We asked Tom Hill, Sales and Marketing Manager for Johnson’s Nursery, for some reasons to buy local. Here is what he wanted to remind us about why we should choose to support our local growers:
- An assurance that the plant material is fully acclimated—not just to our winters but also to the regional soils (composition and ph) our local climactic precipitation and humidity, and even the various pests in the area. Only the strongest and best make it out of our fields.
- Hardiness. This catchall term is usually only used to describe the USDA zone in which the species will survive. But plant material that is trucked in from warmer fields frequently go backwards during their first months in SE Wisconsin because the new growth has not been hardened off. A spruce, for example, flush with new growth at the box store in early April should be treated with skepticism by every landscape professional. Stressed new plantings invite disease and pests.

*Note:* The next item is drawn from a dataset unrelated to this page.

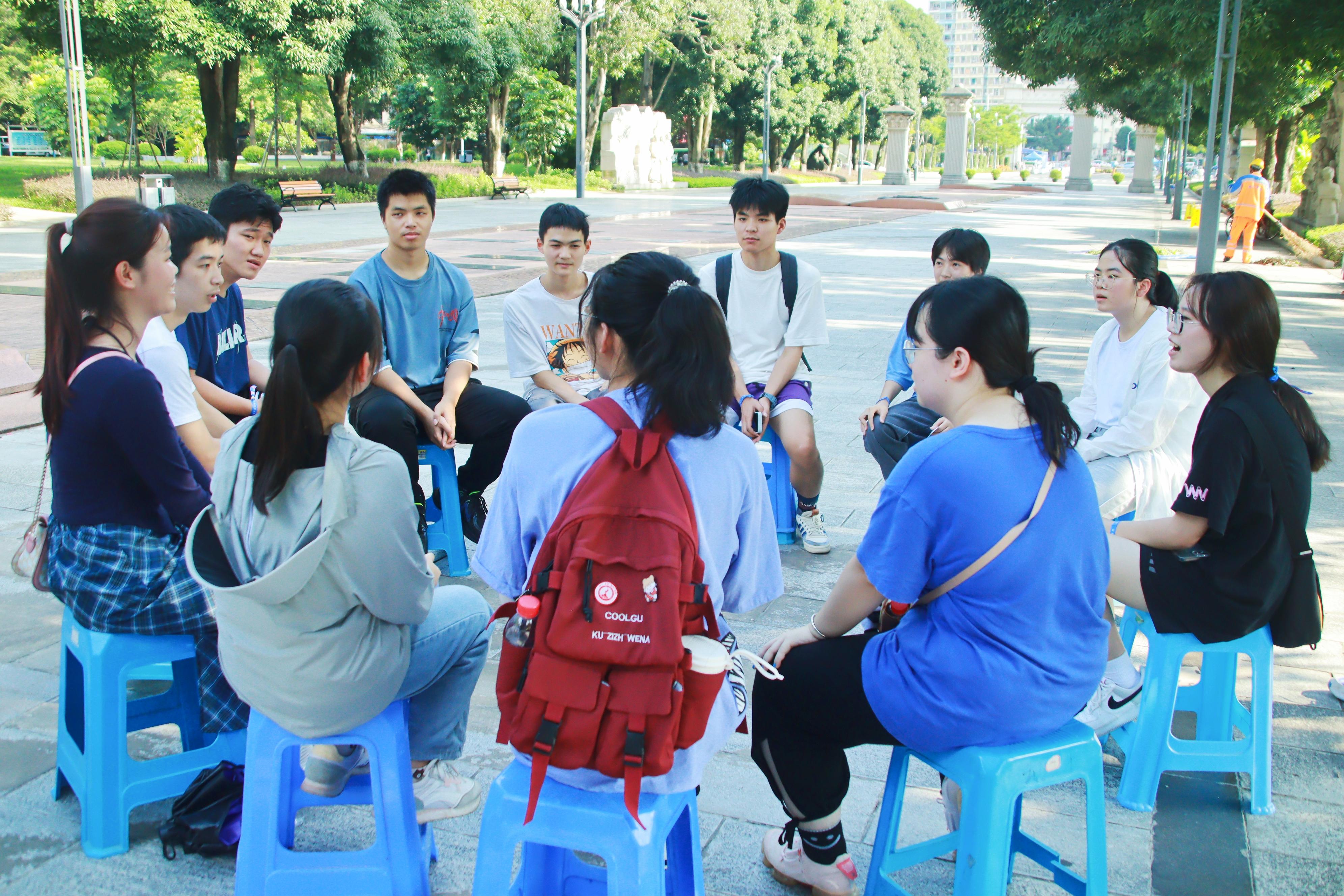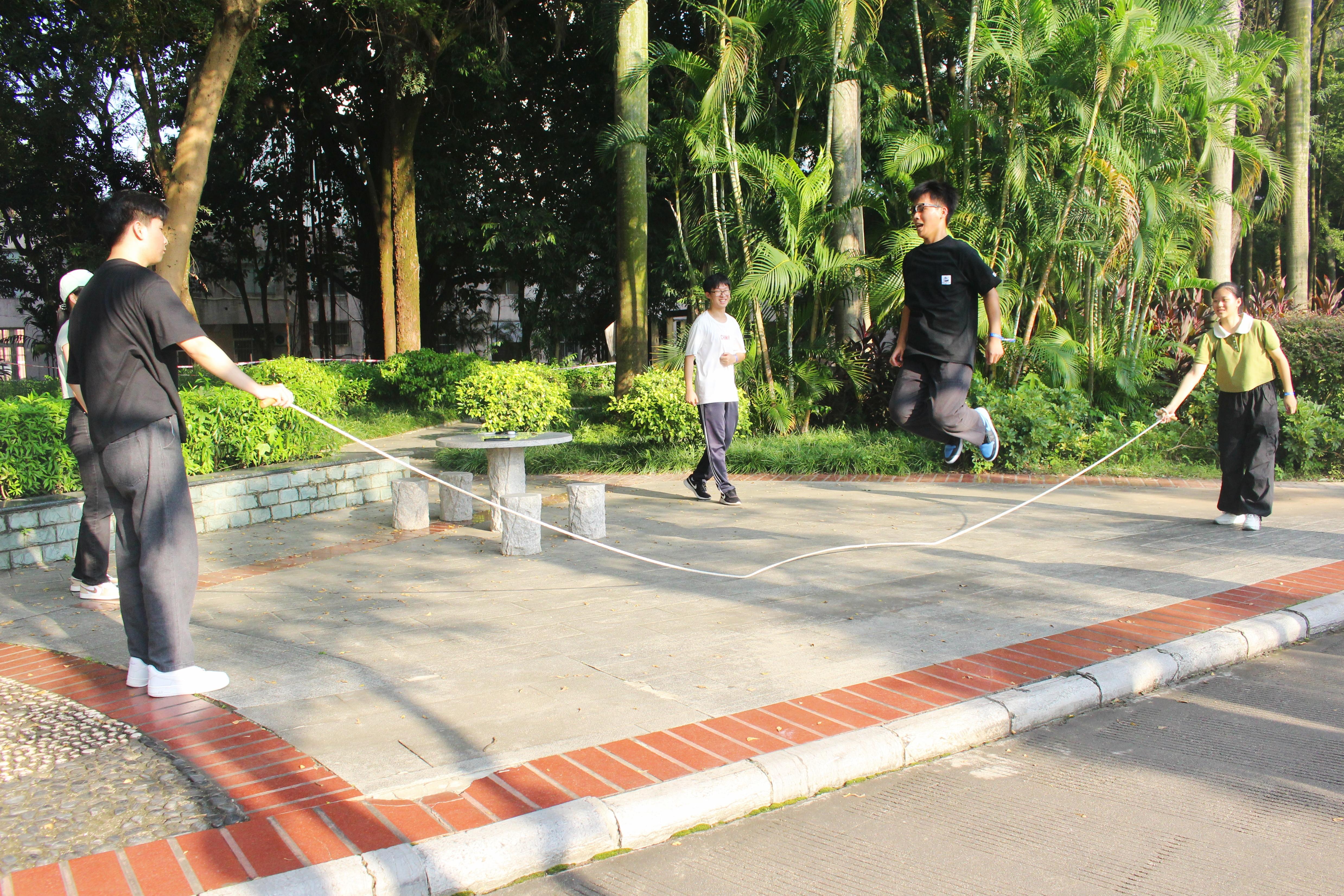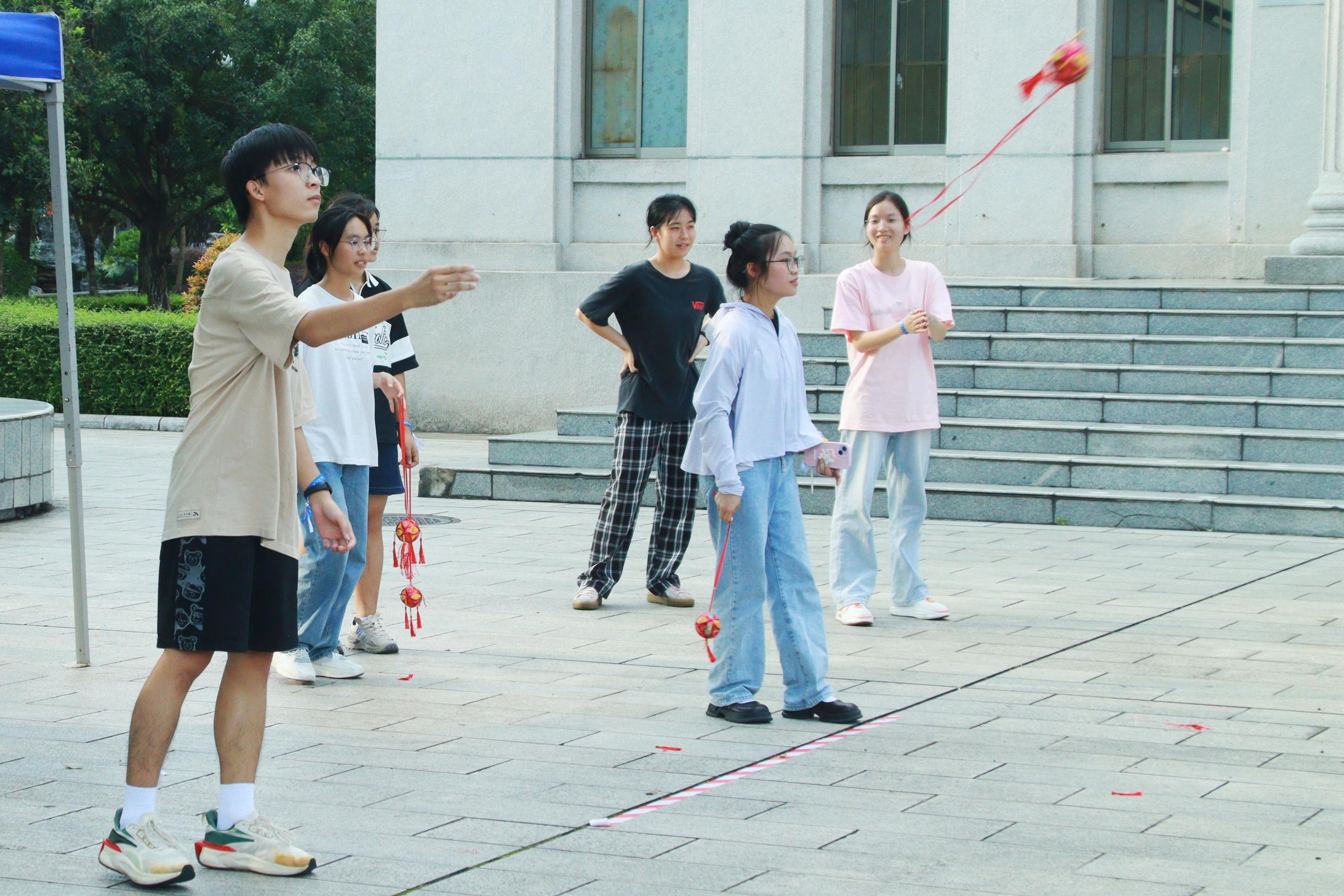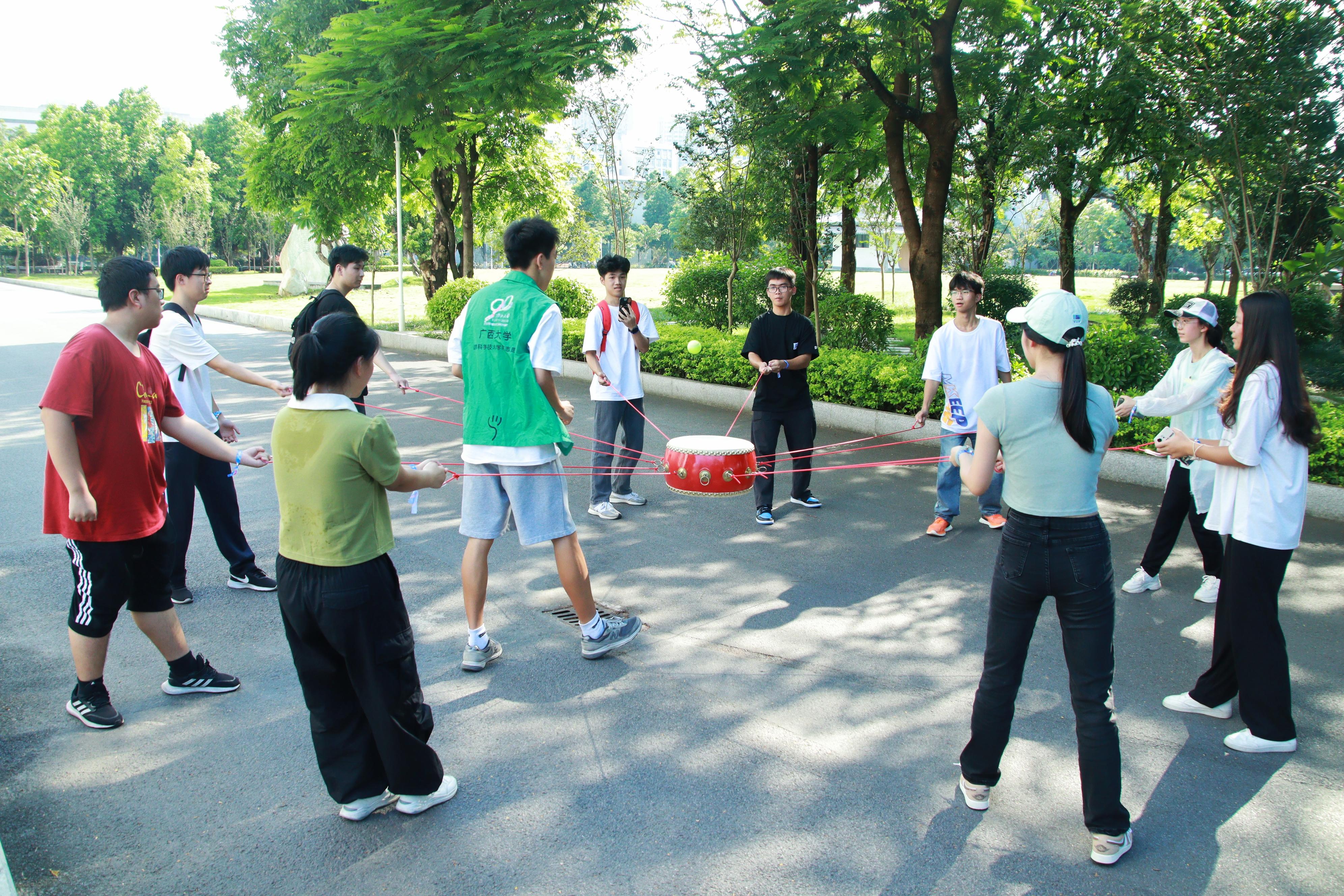 本次活动以游戏为载体,以运动为依托,分别在育才广场、大礼堂、汇学堂、图书馆、老员工活动中心、员工军纪念碑等校园标志性区域设置了6个游戏站点。2023级本科生全员参与,随机分为20组,通过不同路径前往游戏站点,进行了“你的名字”、背篓接绣球、击鼓颠球、无敌风火轮、袋鼠跳、接力长绳等寓教于乐的团队训练项目,使得大家既在轻松有趣的氛围里,以游戏的形式增进了彼此间了解和信任,又在充满挑战的环境中,以团队的方式感受到集体的力量和智慧。

- More goes into growing great nursery stock than…well…just growing great nursery stock. Harvest times and methods, harvest materials used (open weave untreated burlap, half baskets and organic twine), and follow-up care prior to installation are essential to healthy, thriving landscapes. At Johnson’s Nursery, with 53 years of local experience to draw upon, our clients know that they are getting plant material that was harvested at the correct time, in the correct way, and was well cared for until it left our sales yard. At a box store, plants are a commodity—subject to unknown and uneven harvest techniques and continuing care.
- Local nurseries can offer unusual, individual specimens that a designer is just not able to find in a box store’s selection. In much the same way that great chefs can only do so much with macaroni and powdered cheese, so too are great landscape designers limited by plant palettes that are too narrow. When the fields are local, a designer can walk among acres of a particular species and choose EXACTLY the one to highlight the space and the flow of their design.
- Buying local is green. Without the long distance shipping, fossil fuel consumption and pollution are minimized. At Johnson’s Nursery all of our irrigation runoff is captured in retention ponds and reused ensuring a responsible stewardship of the land.
- Revenues stay in the community, employees live and pay taxes in the community, their children attend schools in the community. Local businesses, in general, create the fabric of a dynamic healthy region. Johnson’s Nursery donated money and/or materials to 99 local events and causes in 2010—schools, churches, elks, no kill animal shelters, etc.